Small
companies taking out loans are being charged interest rates as high as
90 per cent, say campaigners who are demanding a change in legislation
to force lenders to come clean over costs.
Pressure
groups hope their calls will be considered as part of a review of
lending to small companies launched this weekend by Parliament’s Select
Committee on Business, Innovation and Skills.
Banks
and other lenders are already required by law to publish the annual
percentage rate they charge for loans, credit cards and mortgages, but
they are not bound by the same rules when making loans to businesses.

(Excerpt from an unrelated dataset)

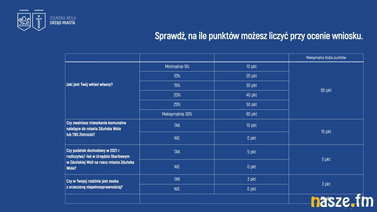 Jeśli wnioskodawca rozliczył w 2021 r. podatek dochodowy w Urzędzie Skarbowym w Zduńskiej Woli na rzecz miasta (a więc podał jako adres zamieszkania Zduńską Wolę), otrzyma 5 pkt. Na dodatkowe 10 pkt mogą liczyć osoby, które zwalniają inne mieszkania należące do TBS Złotnicki lub komunalne od miasta. – W ten sposób odzyskamy do swoich zasobów lokale, które będziemy mogli przekazać innym rodzinom – wyjaśnia prezydent Pokora. Na punkty mogą też liczyć rodziny, w których choć jedna osoba ma orzeczoną niepełnosprawność.

Crucially such APRs take into account the cost of extra charges, which add significantly to costs.
The
Campaign for Regulation of Asset Based Finance has written to
representatives of the leading banks to call for a published interest
rate to be mandatory.
Brian
Moore, a spokesman for the campaign, said: ‘This single move would
bring much needed clarity to the true price of asset-based finance and
help clients compare the costs.’
He
added: ‘Support is building and it has been breathtaking the number of
businesses who have seen our blog and then rung us up saying they went
for what looked like 2.5 per cent plus an admin fee that turned out to
be an APR of more than 90 per cent.’
Moore said
the lack of an official APR calculation meant examples of loan rates
given by lenders could be misleading because various fees, compulsory
insurance and other charges could boost the total cost to something far
higher than expected.
Campaigners
have lobbied the Asset Based Finance Association – which counts all of
the leading banks among its members – as it claims such lenders are the
worst offenders.
James
Sherwin-Smith of business lending comparison website Growthstreet is
wholeheartedly supporting the demands for the clear pricing of the cost
of loans to small businesses.
He
said: ‘I hope the Select Committee on Business, Innovation and Skills
will back our campaign for an APR for all SME finance products.’

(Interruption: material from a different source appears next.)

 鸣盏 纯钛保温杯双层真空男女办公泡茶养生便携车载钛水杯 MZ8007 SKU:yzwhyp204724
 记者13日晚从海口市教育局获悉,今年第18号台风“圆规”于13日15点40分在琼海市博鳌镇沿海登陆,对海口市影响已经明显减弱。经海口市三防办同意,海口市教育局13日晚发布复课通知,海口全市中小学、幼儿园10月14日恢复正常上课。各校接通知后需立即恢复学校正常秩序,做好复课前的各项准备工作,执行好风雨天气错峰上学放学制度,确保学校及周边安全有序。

Bank lending to smaller firms has been the subject of controversy since the credit crunch.
Select
Committee chairman Iain Wright MP said: ‘After real difficulties during
the credit crunch, business access to finance appears – superficially
at least – to be back to normal.
'But small businesses in particular still say that access to finance is one of their biggest obstacles to future growth.
‘As a committee we want to look at how access to finance has changed since the end of the financial crisis.’